**Task goal**
Transcribe every entry word for word. Skip the pictures.

Stored dataset items:
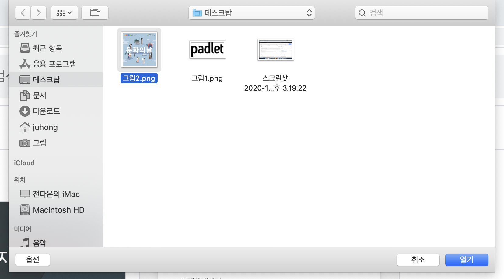 - 해당 기기에서 올리고자 하는 파일을 선택한 후, 열기 버튼을 누릅니다.
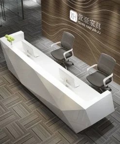 Quầy lễ tân showroom: Cần mặt quầy rộng để trưng bày sản phẩm mini hoặc brochure.
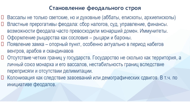 Феодальный строй: пожалование сеньора вассалу в обмен на военную службу и участие в делах сеньора. Взаимные обязательства. Оммаж.
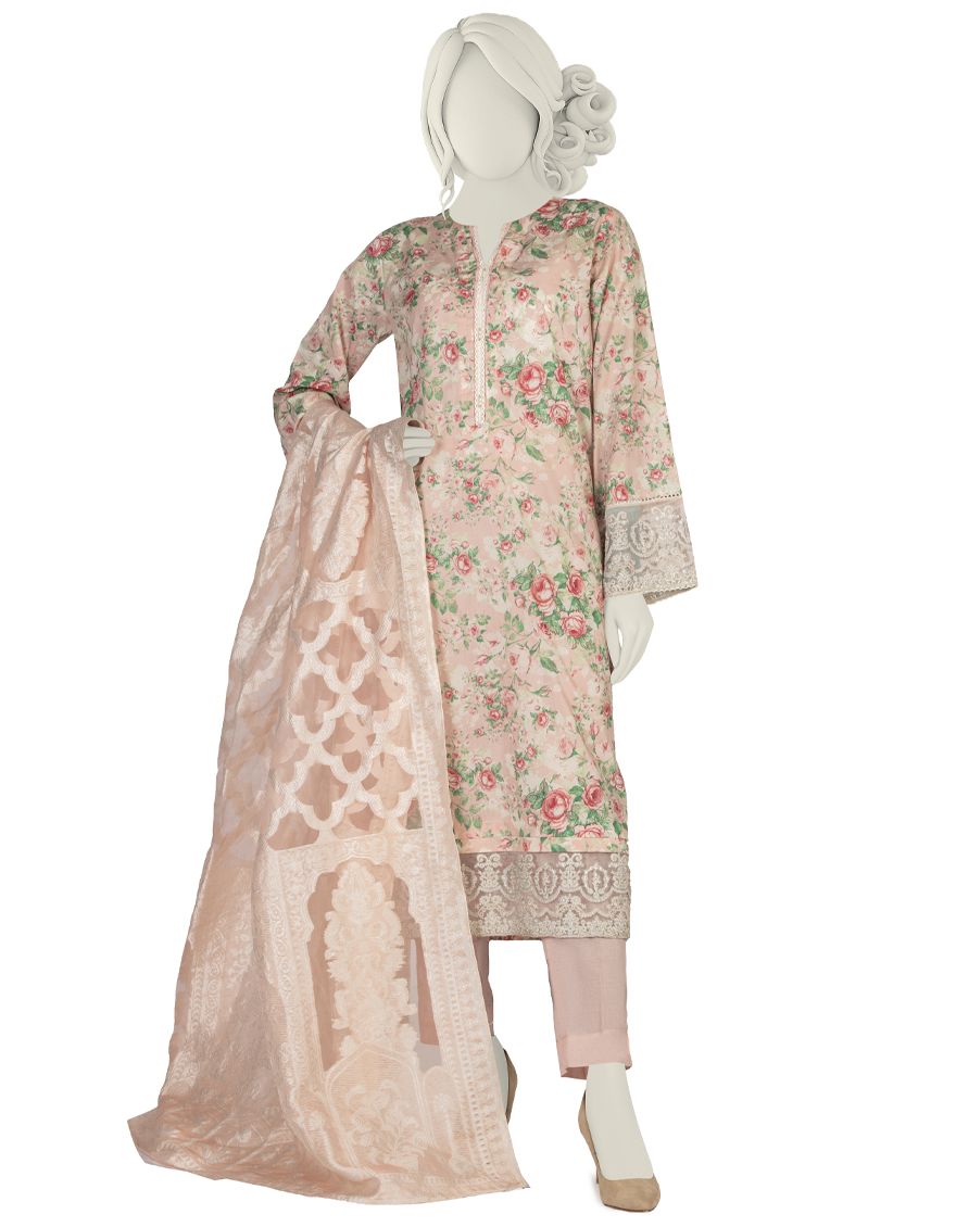 Collection Type: Embroidered Printed Lawn Shirt & Organza Jacquard Dupatta With Trouser
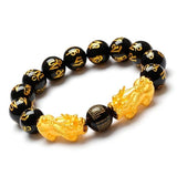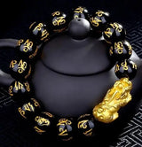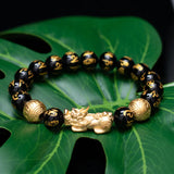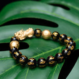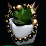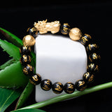Gold Pixiu Bracelet – Chinese Lucky Stone Beads with 6 Words Charm

**Answer below**
 - 해당 기기에서 올리고자 하는 파일을 선택한 후, 열기 버튼을 누릅니다.
 Quầy lễ tân showroom: Cần mặt quầy rộng để trưng bày sản phẩm mini hoặc brochure.
 Феодальный строй: пожалование сеньора вассалу в обмен на военную службу и участие в делах сеньора. Взаимные обязательства. Оммаж.
 Collection Type: Embroidered Printed Lawn Shirt & Organza Jacquard Dupatta With Trouser
Gold Pixiu Bracelet – Chinese Lucky Stone Beads with 6 Words Charm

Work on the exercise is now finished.